What needs to be done>
Taking only the lines of the data below from the line with "- Derrière un" to the line with "Analyzing prevailing wind", ends included, write them out exactly and without pictures.

Material to process>
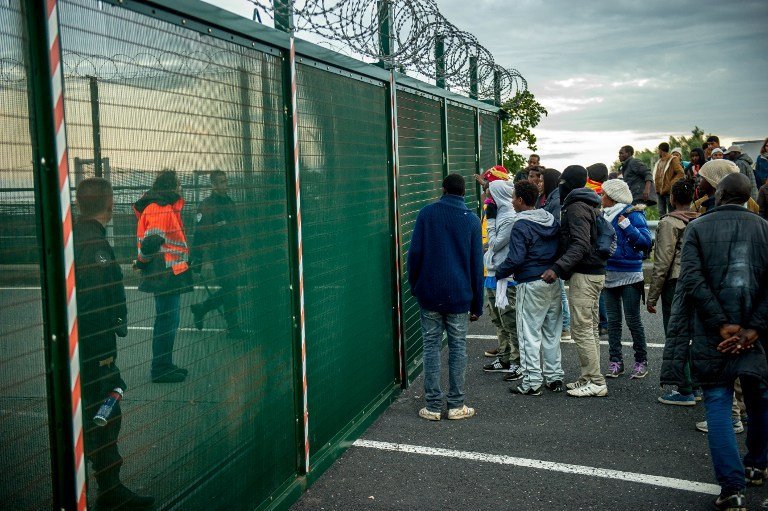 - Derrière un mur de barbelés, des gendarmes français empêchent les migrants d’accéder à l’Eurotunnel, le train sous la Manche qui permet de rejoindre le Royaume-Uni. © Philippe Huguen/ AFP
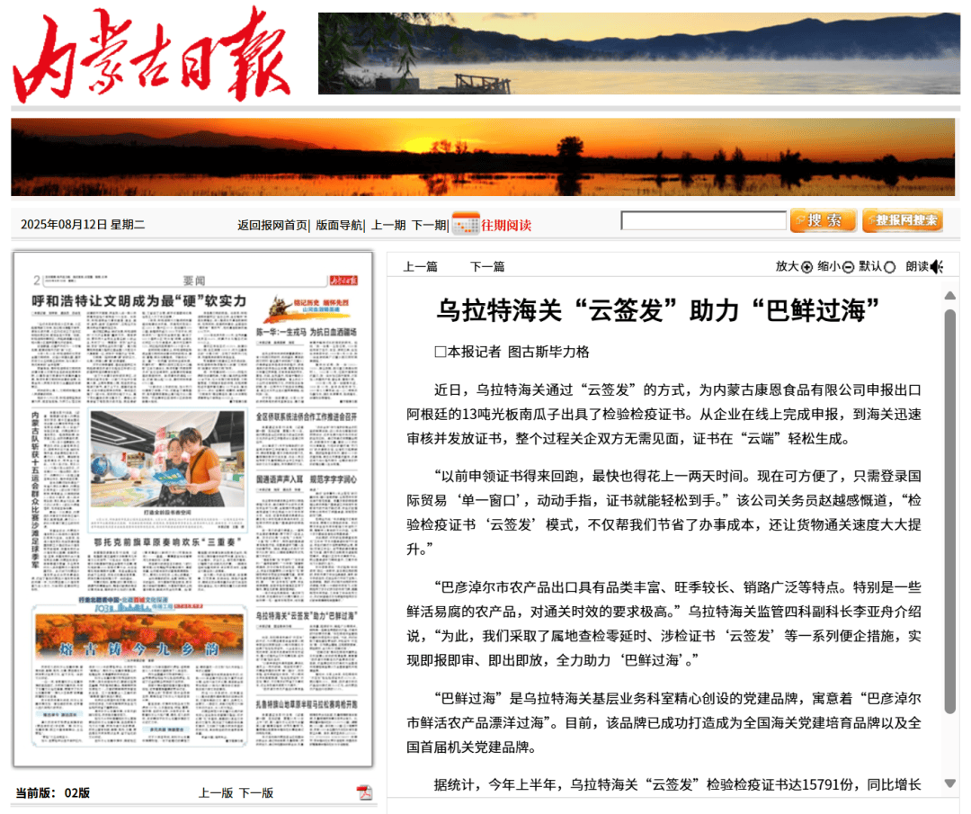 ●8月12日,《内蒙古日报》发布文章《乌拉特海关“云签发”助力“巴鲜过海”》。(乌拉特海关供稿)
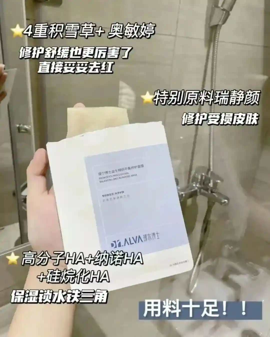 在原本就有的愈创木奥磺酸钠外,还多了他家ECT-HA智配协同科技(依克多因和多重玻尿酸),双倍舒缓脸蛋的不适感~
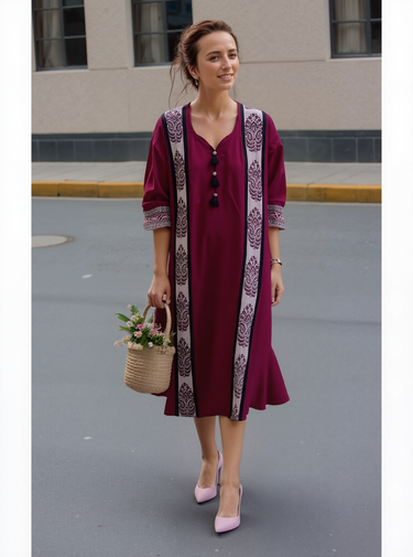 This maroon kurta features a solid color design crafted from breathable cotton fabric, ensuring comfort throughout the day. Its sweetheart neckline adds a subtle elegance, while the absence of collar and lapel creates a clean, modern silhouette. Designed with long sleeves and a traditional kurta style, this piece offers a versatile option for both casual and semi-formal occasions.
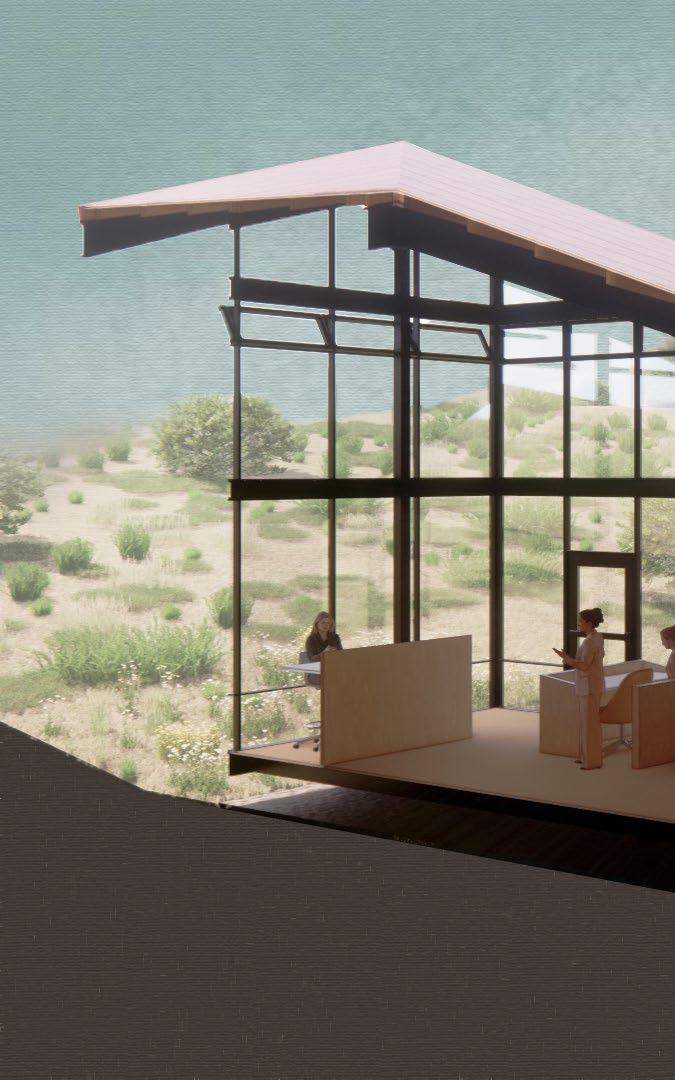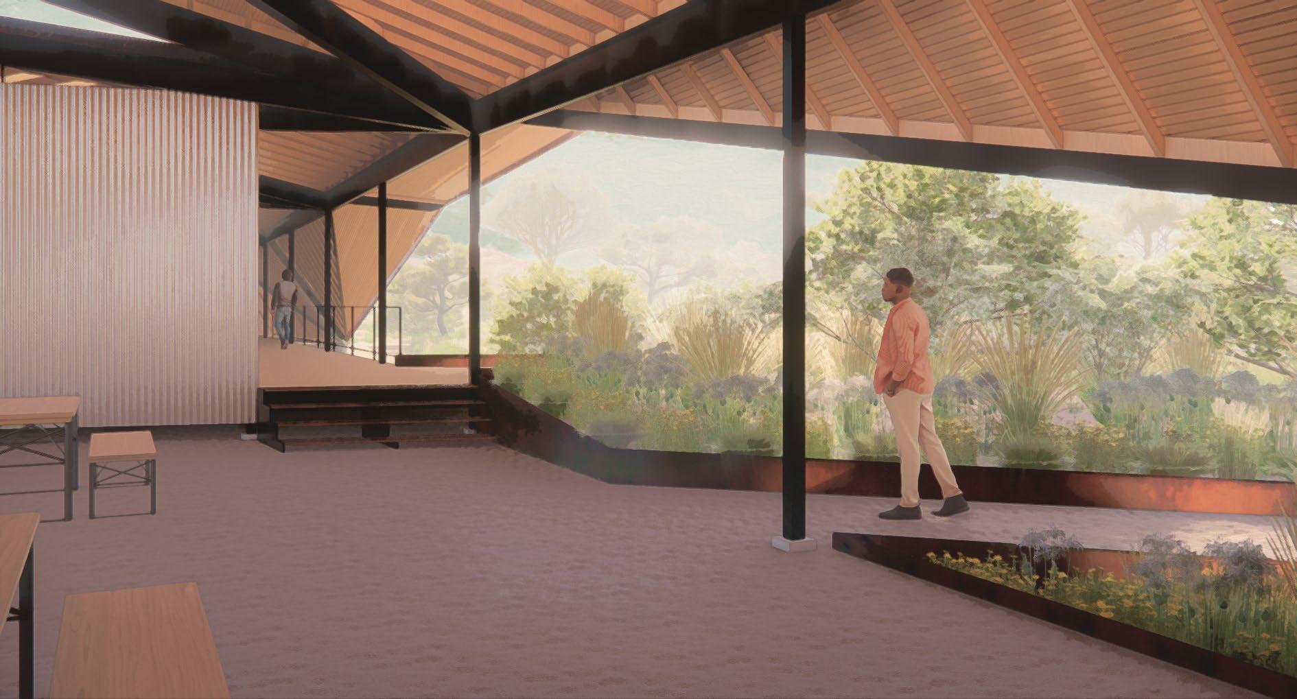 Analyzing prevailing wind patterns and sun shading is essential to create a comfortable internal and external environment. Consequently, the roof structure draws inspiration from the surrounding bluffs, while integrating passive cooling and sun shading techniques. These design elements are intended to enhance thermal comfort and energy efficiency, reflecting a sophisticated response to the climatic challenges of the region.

==

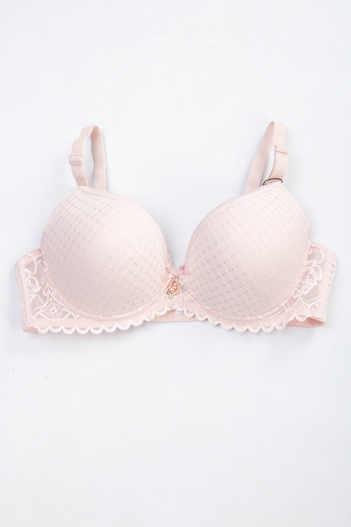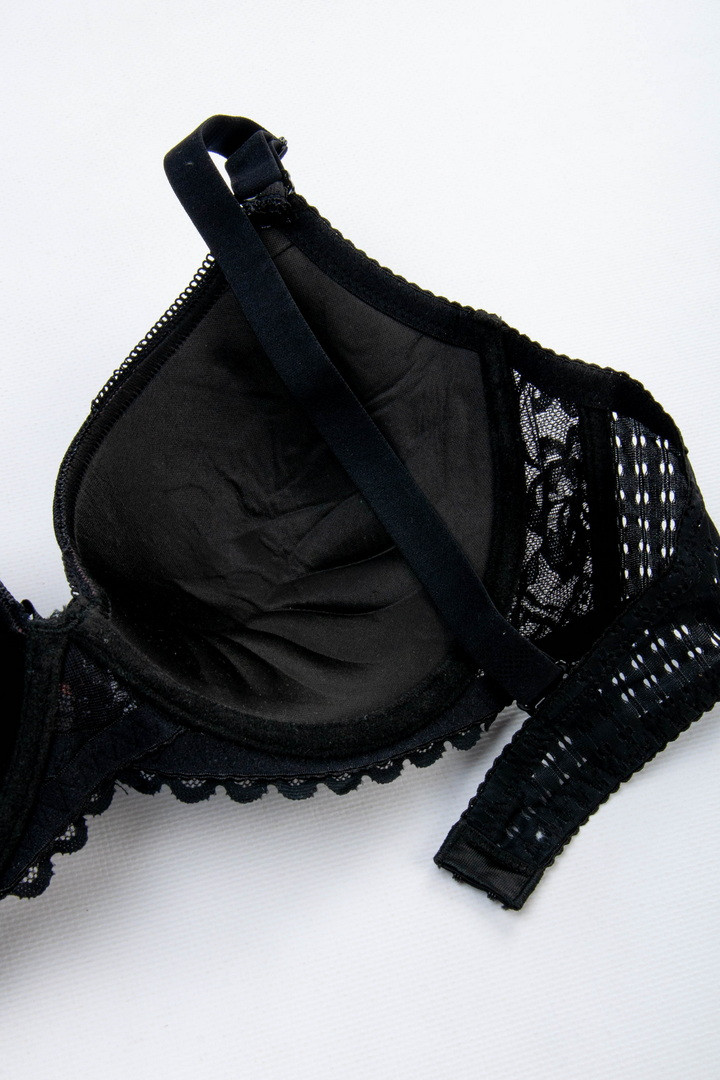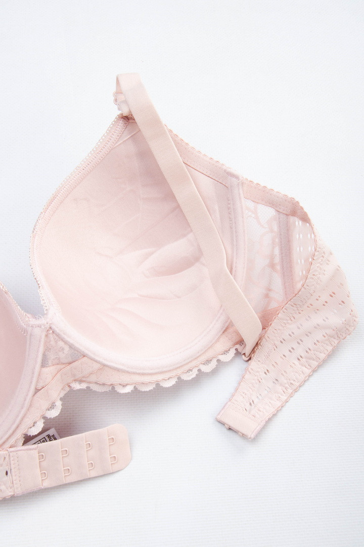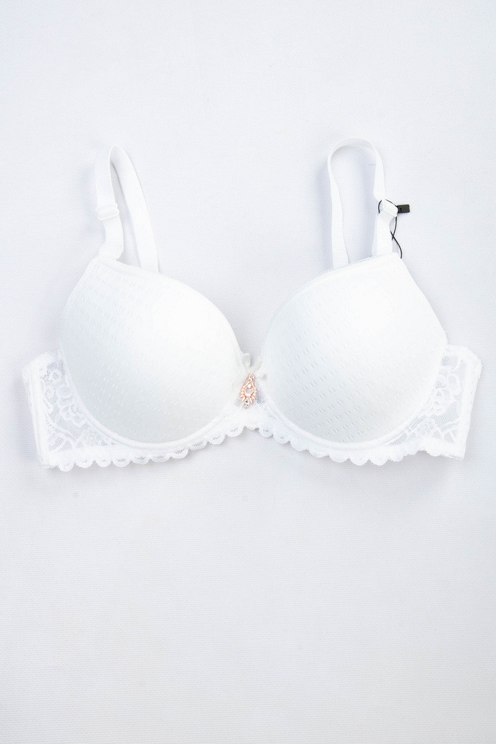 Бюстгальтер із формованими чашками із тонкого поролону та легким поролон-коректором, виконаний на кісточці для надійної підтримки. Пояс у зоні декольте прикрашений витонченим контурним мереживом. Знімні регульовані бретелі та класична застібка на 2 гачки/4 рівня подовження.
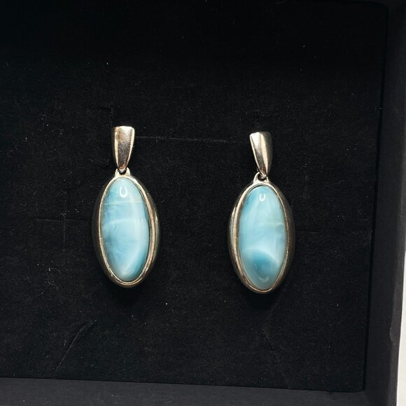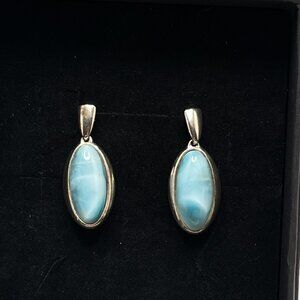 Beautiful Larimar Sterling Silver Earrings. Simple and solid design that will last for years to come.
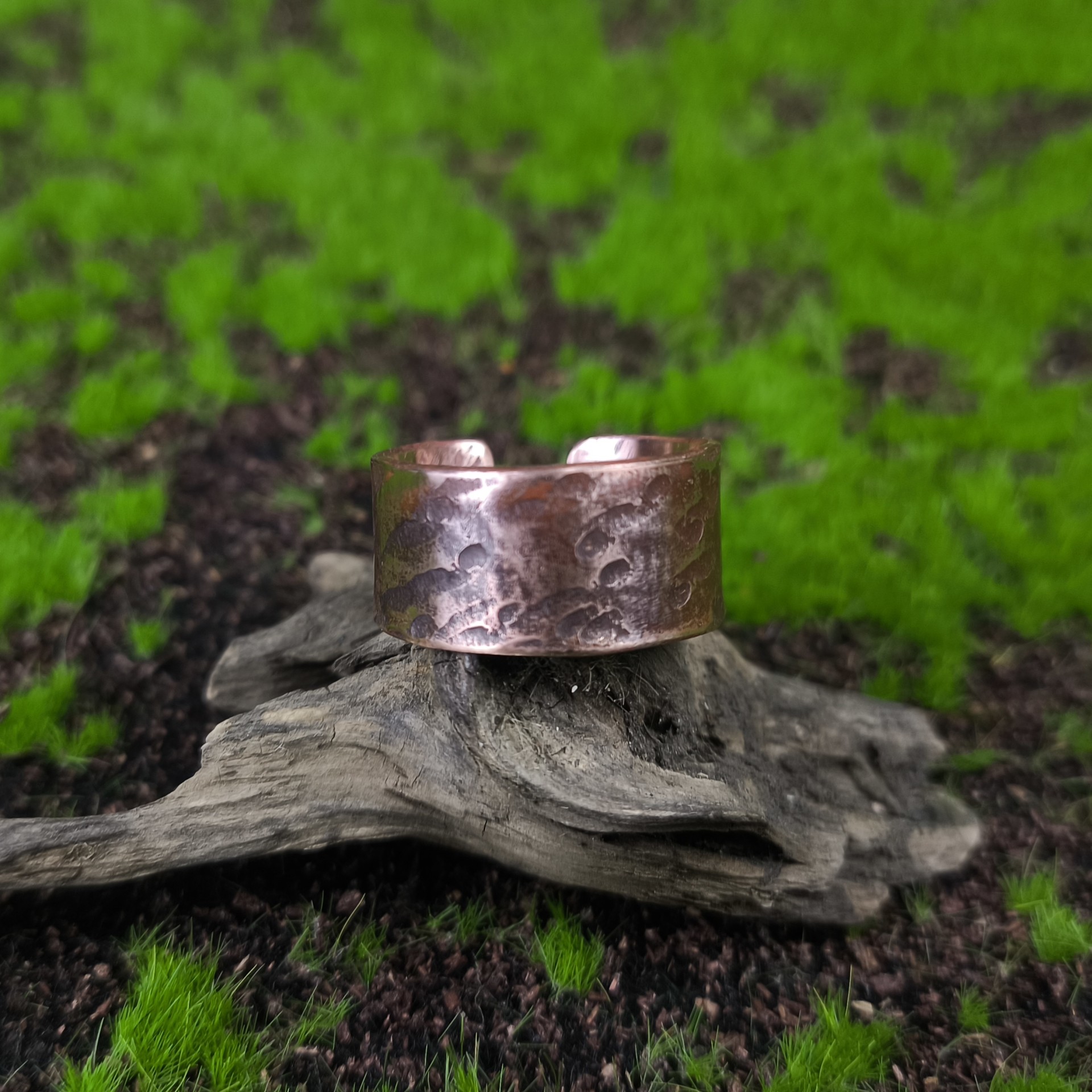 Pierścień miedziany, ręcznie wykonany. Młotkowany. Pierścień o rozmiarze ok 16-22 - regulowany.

* * *

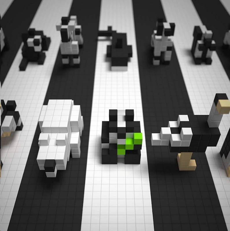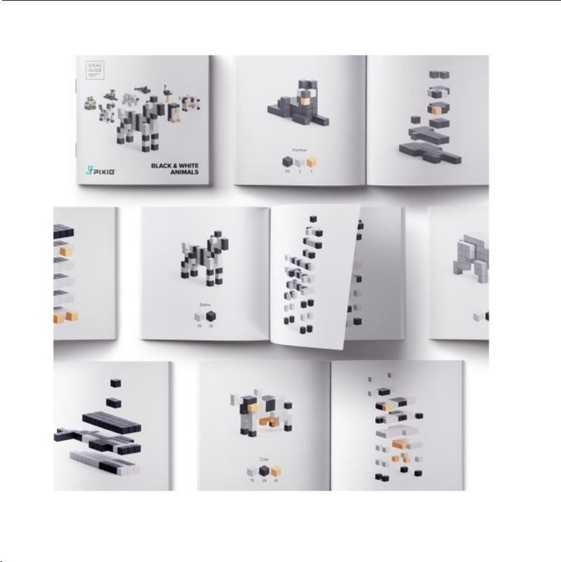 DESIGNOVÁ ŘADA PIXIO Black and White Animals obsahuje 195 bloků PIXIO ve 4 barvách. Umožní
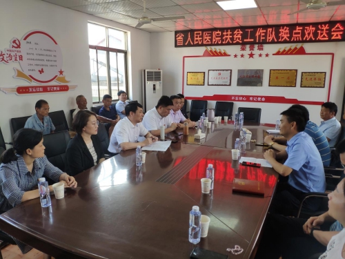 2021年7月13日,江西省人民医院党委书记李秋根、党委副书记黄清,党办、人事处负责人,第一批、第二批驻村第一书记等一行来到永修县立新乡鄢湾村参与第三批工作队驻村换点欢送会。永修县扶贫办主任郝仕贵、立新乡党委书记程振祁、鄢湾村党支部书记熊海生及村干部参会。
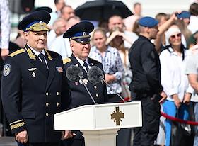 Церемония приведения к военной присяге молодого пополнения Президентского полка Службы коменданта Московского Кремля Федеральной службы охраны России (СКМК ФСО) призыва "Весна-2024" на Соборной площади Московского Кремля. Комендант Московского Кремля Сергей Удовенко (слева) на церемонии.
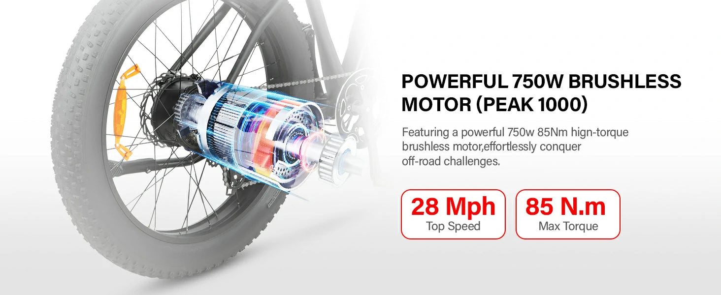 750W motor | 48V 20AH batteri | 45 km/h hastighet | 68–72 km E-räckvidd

Exercise result>
 - Derrière un mur de barbelés, des gendarmes français empêchent les migrants d’accéder à l’Eurotunnel, le train sous la Manche qui permet de rejoindre le Royaume-Uni. © Philippe Huguen/ AFP
 ●8月12日,《内蒙古日报》发布文章《乌拉特海关“云签发”助力“巴鲜过海”》。(乌拉特海关供稿)
 在原本就有的愈创木奥磺酸钠外,还多了他家ECT-HA智配协同科技(依克多因和多重玻尿酸),双倍舒缓脸蛋的不适感~
 This maroon kurta features a solid color design crafted from breathable cotton fabric, ensuring comfort throughout the day. Its sweetheart neckline adds a subtle elegance, while the absence of collar and lapel creates a clean, modern silhouette. Designed with long sleeves and a traditional kurta style, this piece offers a versatile option for both casual and semi-formal occasions.
 Analyzing prevailing wind patterns and sun shading is essential to create a comfortable internal and external environment. Consequently, the roof structure draws inspiration from the surrounding bluffs, while integrating passive cooling and sun shading techniques. These design elements are intended to enhance thermal comfort and energy efficiency, reflecting a sophisticated response to the climatic challenges of the region.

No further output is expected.